Same goes for pump consumables. I was reduced to searching the depths of my diabetes cupboard and discarded handbags looking for an infusion set, desperately hoping that there was at least one, somewhere, that would do the trick before I had to knock on the door of my neighbour, asking her to tide me over.
This is one part of diabetes burnout for me – the way that I deal with my diabetes tasks. It’s not feelings of resentment that I must do those tasks; it’s not feeling distressed that I must do them. It’s not even feeling a paralysis about doing them. It’s simply not caring enough about them to take the time and energy to engage my brain and actually do it.
I know that when I am stressed, something’s gotta give, and for me, that’s always been doing diabetes.
I cannot tell you how much having automated insulin delivery sweeps up a lot of it. Forgotten boluses get sorted by Loop. Sure, it may take a little extra time and mean a bit of extra time above my upper range limit, but if I don’t engage, Loop will bring me back in range soon enough.
The low-grade nausea I’ve been living with for the last month means that eating is sometimes difficult, but I don’t even need to think about what that means for glucose levels, because Loop mostly does it for me.
And sleep! Sleep the gift that Loop keeps giving has been interrupted, not by diabetes, but by waking stressed. Or, as has happened twice in the last week, with a splitting headache, so painful that the throbbing has woken me from a deep sleep. Pre-Loop, sleep disturbances would wreak havoc with my glucose levels (often because most of the time those disturbances were because of my glucose levels). But now, as I see the upward spike start because I’ve been woken in the middle of the night and glucose is being dumped because apparently, I’m now up and awake, Loop kicks in with an ‘I don’t think so’, and that spike is shut down quickly.
But the nausea is debilitating physically. And being woken in the middle of the night is exhausting. And the stress is leaving me feel a little hopeless all around, to be honest. Teary, emotional, tired. And burnt out.
Many years ago, after a couple of periods of intense burnout, I did a smart thing and found a psychologist to help me. Together, we learnt to identify the triggers that precipitated burnout. This has truly become one of the most powerful tools in my diabetes emotional wellbeing arsenal, because learning when I am heading down the slippery slope of burnout, and realising it’s coming, has meant that I’ve been able to address it before I get so deep into that dark space, it becomes challenging to come back from.
So, right now, I know this is happening. I can feel the stress and the physical manifestation of it, and I can see how it is influencing my diabetes. Today, I spoke with my psychologist – in a way waving a white flag of surrender knowing that I need someone else to come in and help me through this, because I can’t do it myself.
The win is that I’ve seen it and I’ve recognised it. The win is I’m seeking help. The win is that I’ve caught it before I’m plunging to dark depths (I hope).
It’s not a win that I’m feeling this way. It’s not a win that this level of stress has started to affect so much, including my diabetes.
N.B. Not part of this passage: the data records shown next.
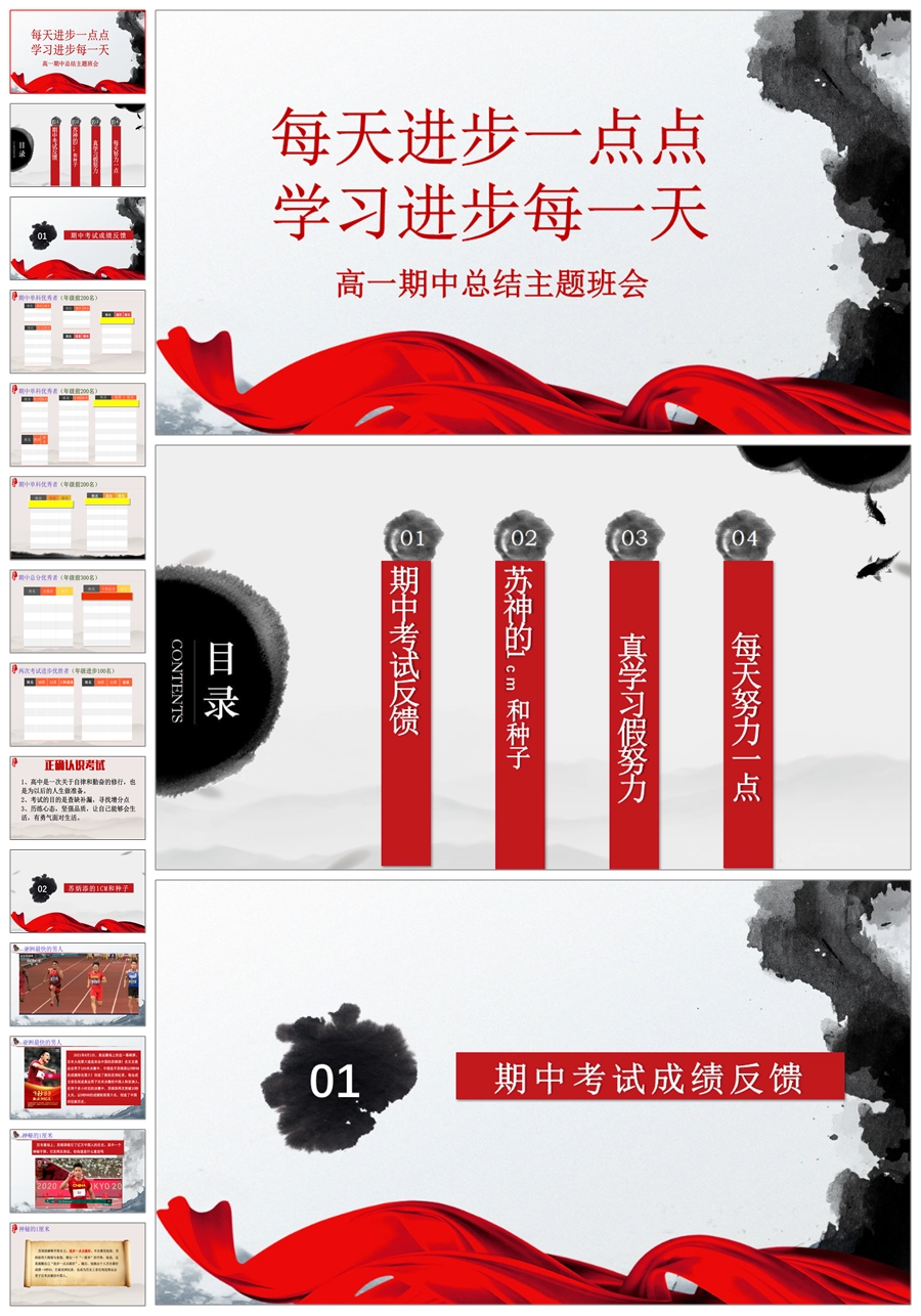 【8354】【期中总结】《每天进步一点点学习进步每一天》高一期中总结主题班会PPT(课件+发言稿)
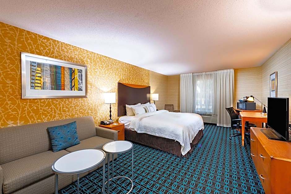 The Fairfield Inn Battle Creek offers a Larger King Room with Sofa Bed, which has a size of 377 sqft and can accommodate up to 4 adults and 3 children. This room type does not allow smoking and includes 1 King size bed and 1 Sofa Bed. Additionally, they have a King Room option, with a size of 291 sqft, accommodating 2 adults and 1 child, and also does not allow smoking. This room type includes 1 King size bed and 1 Sofa Bed.
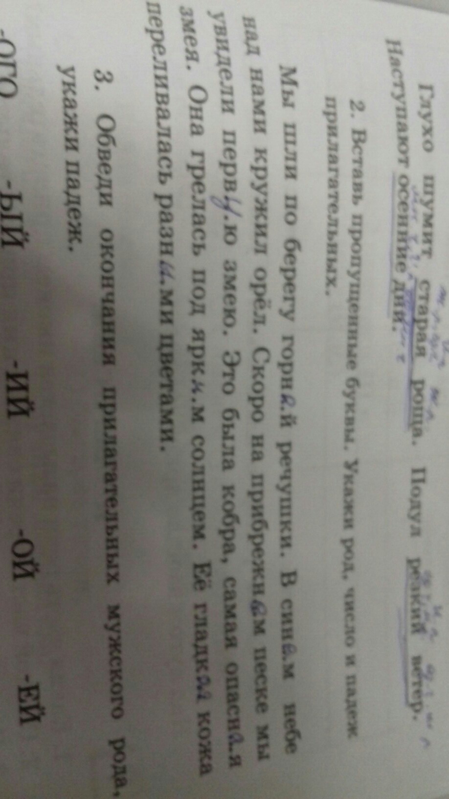 Вставь пропущенные буквы укажи род число и падеж прилагательных
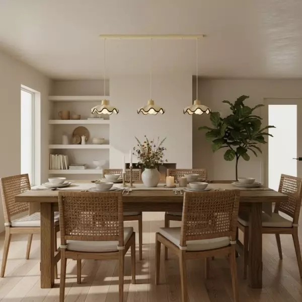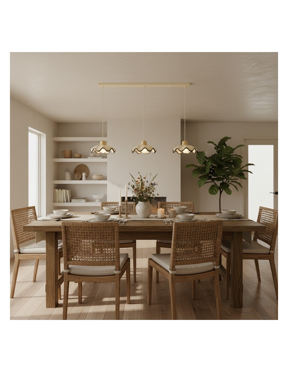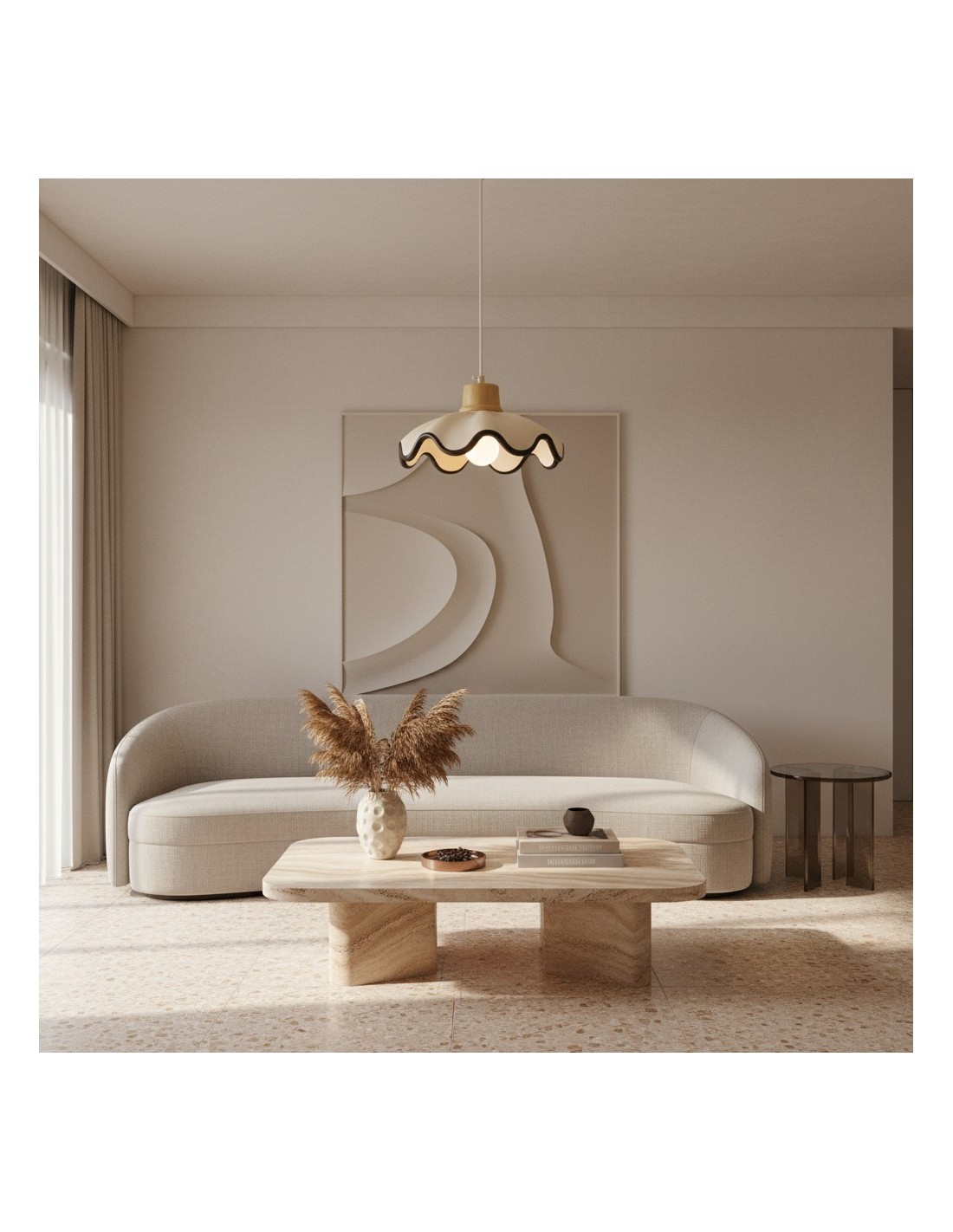 La lampada a sospensione Moliro, dal design minimalista, fonde linee pulite ed estetica contemporanea per creare un elegante punto focale in ogni ambiente. La silhouette fluida e ondulata proietta una luce morbida e diffusa, infondendo a ogni spazio calore ed eleganza moderna.
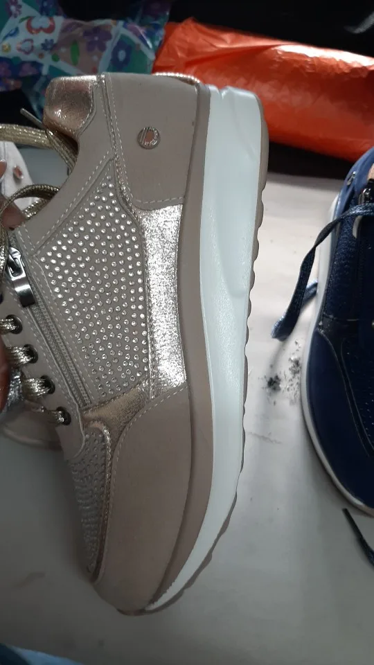 Тапочки очень легкие и удобные. Они прибыли в течение 15 дней в Испанию. Они сильно блестят на всех шнурках.
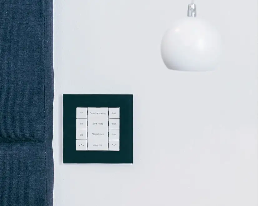 Per Funk werden Befehle zum Steuern von Licht und Jalousie übertragen, inklusive Szenenfunktionen. Die Bedienung erfolgt über großflächige Tasten; LEDs zeigen die Statusrückmeldung an. Über das GRAPHIC TOOL können die Tasten per Lasergravur oder Farbdruck individuell mit Bildern, Symbolen und Text gestaltet werden. Das unterstützt eine klare Funktionszuordnung.
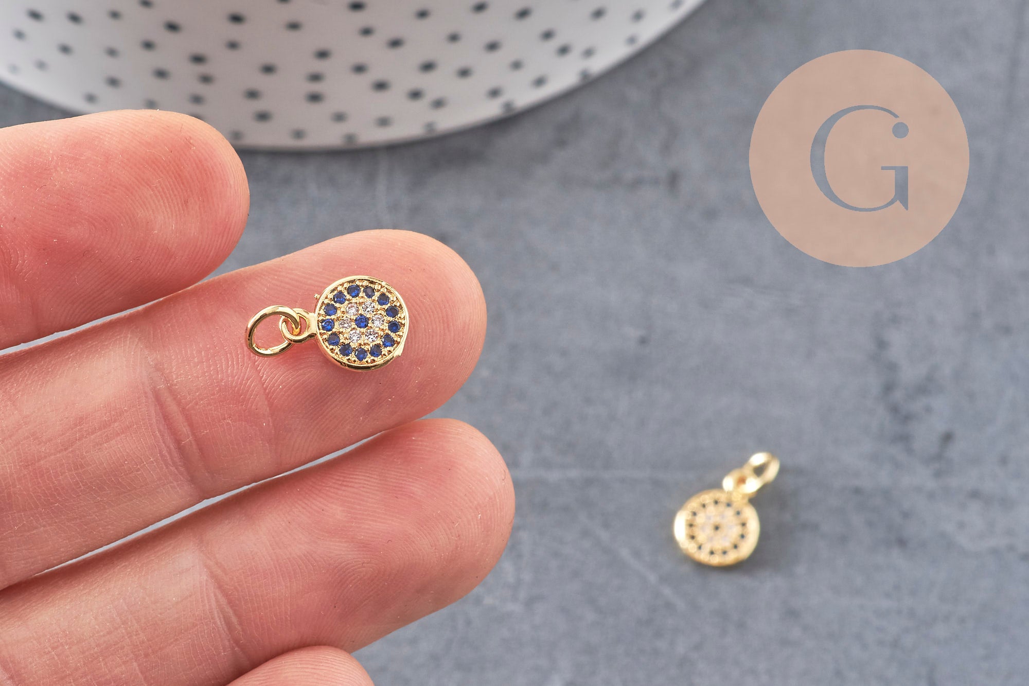 Pendentif médaille doré cristal zircon, pendentif doré,porte-bonheur,laiton dore,bijou médaille,création bijoux,17mm,l'unite
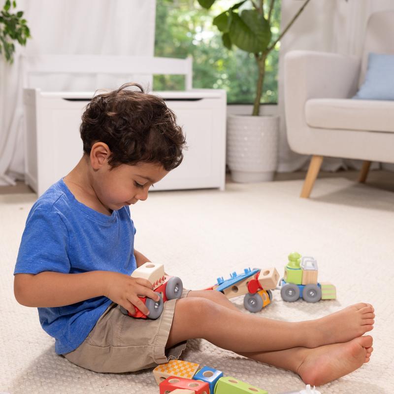 Easy-to-grasp smooth, colorful wooden blocks fit together in a snap with large connectors that even little hands can push in and pull out.
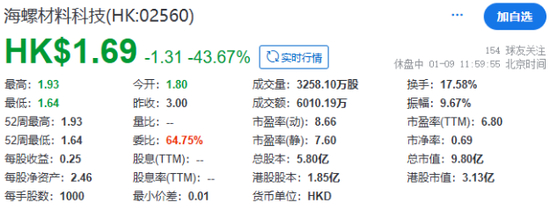 截至午间收市,海螺材料科技每股报1.69港元,总市值约9.80亿港元。
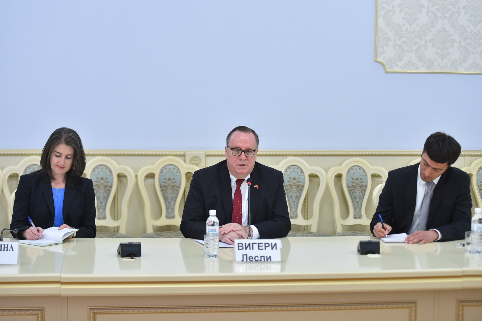 Кыргыз Республикасынын Президентинин Администрациясынын маалыматтык саясат кызматынын жетекчиси Дайырбек Орунбеков Америка Кошмо Штаттарынын Кыргыз Республикасындагы Атайын жана Ыйгарым укуктуу Элчиси Лесли Вигери менен жолукту.
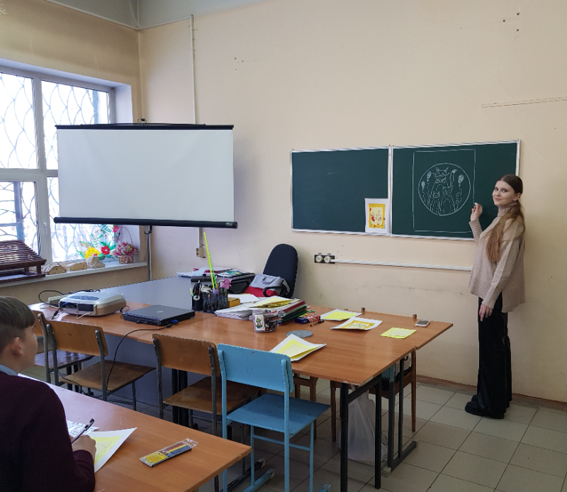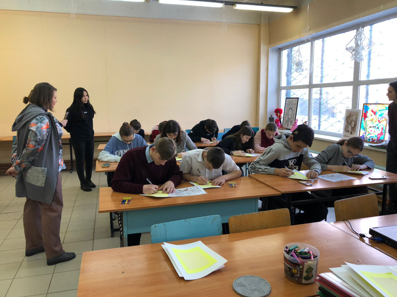 24.01.2022 года в рамках профориентации на кафедре изобразительного искусства и методики его преподавания индустриально-педагогического факультета БГПУ была организованна и проведена встреча с учащимися ГАОУ Амурской области «Специальная (коррекционная) общеобразовательная школа-интернат № 8, г. Благовещенск». Юных гостей встретила и познакомила с жизнью корпуса «Г» заведующая кафедрой Слесаренко Наталья Владимировна. Ребятам провели экскурсию и показали аудитории, в которых проходят занятия по рисунку, ДПИ, акварельной и масляной живописи. Дети посетили выставки учебных работ студентов, обучающихся на очном и заочном отделениях, узнали о специфике учебного процесса, творческих достижениях студентов, а также об особенностях творческих заданий. Экскурсия завершилась мастер-классом «Животные и флора» организованная преподавателем кафедры Копорушко Ниной Анатольевной совместно со студентами 2 курса Адаменко Натальей, Подобед Алёной

It’s definitely not a win that I’ve reached the point where I’m staring down the path to diabetes burnout despite the reason being un-diabetes-related stress.
But that’s how it goes. Diabetes becomes part of it. Of course it does. Because diabetes is always part of it. Always part of everything. Always hand in hand with whatever else is going on. Stress and diabetes leading to burnout. One of the few equations in diabetes that I can count on.